Member of the New York State Assembly from Queens County's 1st District
- In office 1888–1888
- Preceded by: Joseph Fitch
- Succeeded by: Solomon S. Townsend

Personal details
- Born: December 30, 1817 Brookville, New York, U.S.
- Died: September 19, 1899 (aged 81) Mill Neck, New York, U.S.
- Party: Republican (before 1872) Liberal Republican (after 1872)
- Spouse: Hester Craig
- Occupation: Politician, harbor master, insurance executive

= John Cashow =

American politician (1817–1899)

John Cashow (December 30, 1817 – September 19, 1899) was an American politician from Queens, New York. He served as a member of the New York State Assembly in 1888, representing Queens County's 1st District. He also served as an alderman, harbor master of the Port of New York, and supervisor of the town of Oyster Bay.

==Early life==
Cashow was born on December 30, 1817, in Brookville, Long Island, the son of John Kirk Cashow and Elizabeth Underhill. He attended the district school until nearly reaching adulthood.

==Career==
In 1835, Cashow moved to Brooklyn, where he became involved in politics. He served as an alderman for five years and was chairman of the committee that recommended the resolution providing for the removal of the remains of the martyrs of the British prison‑ships to their final resting place.

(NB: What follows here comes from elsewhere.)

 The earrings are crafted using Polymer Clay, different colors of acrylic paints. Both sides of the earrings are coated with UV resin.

He was appointed harbor master of the Port of New York by Governor John Alsop King, reappointed by Governor Edwin Denison Morgan, and again by Governor Reuben Eaton Fenton.

Cashow was a Republican until the campaign of 1872, when he supported Horace Greeley and the Liberal Republican movement.

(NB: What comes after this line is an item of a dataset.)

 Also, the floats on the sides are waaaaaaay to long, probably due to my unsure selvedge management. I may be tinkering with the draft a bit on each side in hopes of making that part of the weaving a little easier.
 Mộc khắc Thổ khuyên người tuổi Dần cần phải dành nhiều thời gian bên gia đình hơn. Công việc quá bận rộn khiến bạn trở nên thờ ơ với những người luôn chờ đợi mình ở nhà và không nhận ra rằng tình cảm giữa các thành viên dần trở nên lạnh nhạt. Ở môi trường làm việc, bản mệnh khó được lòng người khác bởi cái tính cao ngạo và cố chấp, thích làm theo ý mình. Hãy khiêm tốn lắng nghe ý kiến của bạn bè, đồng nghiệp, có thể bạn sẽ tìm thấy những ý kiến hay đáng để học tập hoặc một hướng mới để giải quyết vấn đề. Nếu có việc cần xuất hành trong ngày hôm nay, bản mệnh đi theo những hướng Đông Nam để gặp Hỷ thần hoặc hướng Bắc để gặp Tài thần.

In 1880, he was elected supervisor of the town of Oyster Bay, a position he held for three years.

===State Assembly===
Cashow was elected to the New York State Assembly in 1887 and served in the 1888 session, representing Queens County's 1st District. He was succeeded by Solomon S. Townsend.

==Personal life and death==
Cashow married Hester Craig. He was associated with the Farragut Fire Insurance Company of Manhattan for many years and was a volunteer fireman; the old Cashow Hose Company in Brooklyn was named after him.

He was a Freemason, belonging to Hohenlinden Lodge No. 56 and Nassau Chapter.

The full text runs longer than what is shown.